The Smallest Minority on earth is the individual. Those who deny individual rights cannot claim to be defenders of minorities. - Ayn Rand
De-gridding would have a number of salutary benefits. I'd be very interested to know how much fissile material is available. How many reactors can be produced from known reserves, for how long?
I can't help but think that these things will be treated the way server computers used to. You may remember this, but hardware meant for use in high-powered servers has been put to use in uber-powered desktops, just to see how fast you could crank it, how many cycles you could use, and so-forth.
It was, in the judgement of the engineers, "More than anybody should need," but it helped drive the market toward ever-more-powerful machines.
25 years ago, my pocket calculator could do math faster than the mainframes that NASA used to get to the moon. Now, my laptop has more horsepower than a server farm did ten years ago. (OK, so I exaggerate, but you get the point.)
So what if some rich guy on a farm or a ranch ponies up and uses one of these for his home power? What changes would it mean to have MW available for your private use?

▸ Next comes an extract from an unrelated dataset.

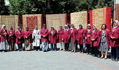 Uşak Belediyesi tarafından restore edilerek hizmete açılan Dokur Evi’nde kurulan halı dokuma atölyesinde dokunan el halıları görücüye çıktı.Dokur Evi’nde açılan kurslara katılan kursiyerlerin dokuduğu el halıları sergisi vatandaşlardan yoğun ilgi gördü. Belediye meydanındaki serginin açılışını Uşak Belediye Başkanı Ali Erdoğan, İl Milli Eğitim Müdürü Ömer Bulut, Emniyet Müdürü Şammaz Demirtaş, İl Defterdarı Abdullah Kırım ve Belediye Meclis Üyeleri gerçekleştirdi. Mahalli sanatçı Şaban Er’in açılış öncesi verdiği mini konser sergi alanındaki vatandaşları sevindirirken Ayna Halk Dansları Gösteri Ekibinin yöresel oyunları ilgiyle izlendi. Başkan Ali Erdoğan; el emeği göz nuru halıların sergilenmesinin öneminde değinerek, “Halı sadece bir eşya değil, aynı zamanda kadınlarımızın duygusunu, ilmek sayesinde halıya işleme sanatıdır” dedi.Uşak’ta çok önemli bir yer tutan halı dokuma sanatını geliştirmek istediklerini de belirten Ali Erdoğan, Dokur Evi’ndeki kursların devam edeceğini kaydetti. İŞKUR ile yapılan protokoller çerçevesinde açılan kurslara katılan ev hanımlarının hem ev ekonomisine katkı sağladığını hem de halı dokumacılığını öğrendiğini belirten Erdoğan, “Halıların bir metrekaresinde 89.600 ilmek var. Biz bu halıları piyasa fiyatlarının altında satışa çıkarıyoruz. Böylece kursiyerlerimiz gelir elde edecek. Uşak’ın en değerli kültürel mirasının yeniden hayat bulmasında büyük emeği geçen kursiyerlerimize bir kez daha teşekkür ediyoruz” dedi.Konuşmaların ardından kurslarda başarı elde eden kursiyerlere sertifikaları verildi. Sergide Madalyon, Yıldızlı, Kuşlu, Çintemani ve Saray motifli modeller yer alıyor.El dokuması halılar sergisi Atatürk Kültür Merkezi’ne taşınarak 25 Haziran tarihine kadar ziyarete açık olacak. Kursiyerlerin dokuduğu sergideki halılar ise vatandaşlara metrekaresi 380 TL’den satılacak.

And how fast will the prices drop? (Absent government meddling in the market for the things.)
Meanwhile, odds that the "pro-alternative-energy" Congress will still attempt to defund us at every chance they get approach one.
They said "no moving parts" and "no weapons grade material" and "must be refuelled every 7 to 10 years", so I'm going to guess it's a radioisotope thermoelectric generator.
I'm guessing the power source would be Strontium-90 Bury it deep enough, make it massive enough and it would be very hard to steal and make it into a dirty bomb. Other than the thief issues, the technology scales well. I've love to have a baby version buried under my house (with suitable shielding and a longer half-life isotope) where I could both enjoy the low cost power and make use of the waste heat in the winter.
it also said "based on a 50-year-old design" This isn't anything new, it's just something newly allowed.
Unfortunately, don't plan on advancements at anywhere near the rate of CPUs
sticker on the outside of the concrete encased cylinder:
"There are no user serviceable parts inside. Disassembly will void the warranty"
Heck, I'd love to buy one just to stick my finger in the eye of those who want to cover every square inch of "available" land with windmills and solar panels and who think that burning food for power (and using our dwindling fresh water supplies to do so) is a good idea. Take THAT you enviro-weenies! We can power our homes without polluting the environment, shutting down everything but a tiny 5 watt bulb in the room where we're trying to work, and still have enough power left over to generate hydrogen for our non-polluting cars and other equipment!
Why the heck are we screwing around with "alternative energy solutions" which are at best reliant upon constantly changing conditions when we have cheap, reliable, non-polluting solutions available RIGHT NOW?
"Why the heck are we screwing around with "alternative energy solutions" which are at best reliant upon constantly changing conditions when we have cheap, reliable, non-polluting solutions available RIGHT NOW?"
Because those cheap, reliable, non-polluting solutions don't advance statist, neo-Luddite political agendas?
I would suspect that all of us here will be pushing up daisies before the first one of these makes it through the regulations and court challenges and is allowed to be set up in this country.
I want one.
Me too. Makes it a lot harder to cut off the power to a, um, recalcitrant neighborhood. :-)
"few countries are expected to object to plants on their territory"
You can bet Greenpeace will still be screaming at the top of their lungs about how evil this is...
They could be using Stirling engine to convert heat into power. There is a lot of research going into Stirling engines at the moment.
Forget my previous comment. The article says that there are no moving parts which rules out a Stirling engine.
Fox News has a story that gives a few more details.
As far as I can see, the reactor itself - the heat generator - is the only thing they're talking about here. The power conversion is another entire system that isn't addressed by anyone that I've seen.
Someone's working on solar using Stirling engines for conversion.
Knew I'd seen this before...so the guys at Los(t)Alamos stole the idea and will now license production?
What does that "10 cents a watt" mean? Is it 10 cents of capital investment per watt of output power? That would mean the $25 million reactor would have to generate 250 MW - that's not a small one. Or is it some innumerate and scientifically illiterate reporter's mistake for $0.10/kilowatt-hour, which is much higher than coal-powered plants?
It's likely the latter. I don't know that I've ever seen evidence that a reporter understands such units as force, mass, energy, and power.
Here, we pay $0.1071 / KWH, net, and it's produced from natural gas.
I think the cost of power production is one reason this technology wasn't pushed earlier, or was aimed at remote sites like small towns in Alaska that had to have their fuel trucked in to run diesel generators. Perhaps the cost will go down due to economy of scale with "mass" production (I'm not sure just how many units per year constitutes "mass" production, though), but I'd doubt it.
I'm pretty sure there's a heat exchanger/steam turbine involved somewhere that nobody's talking about, plus a substation and switchyard, that is on top of the cost of the reactor itself. All that takes maintenance and upkeep, too.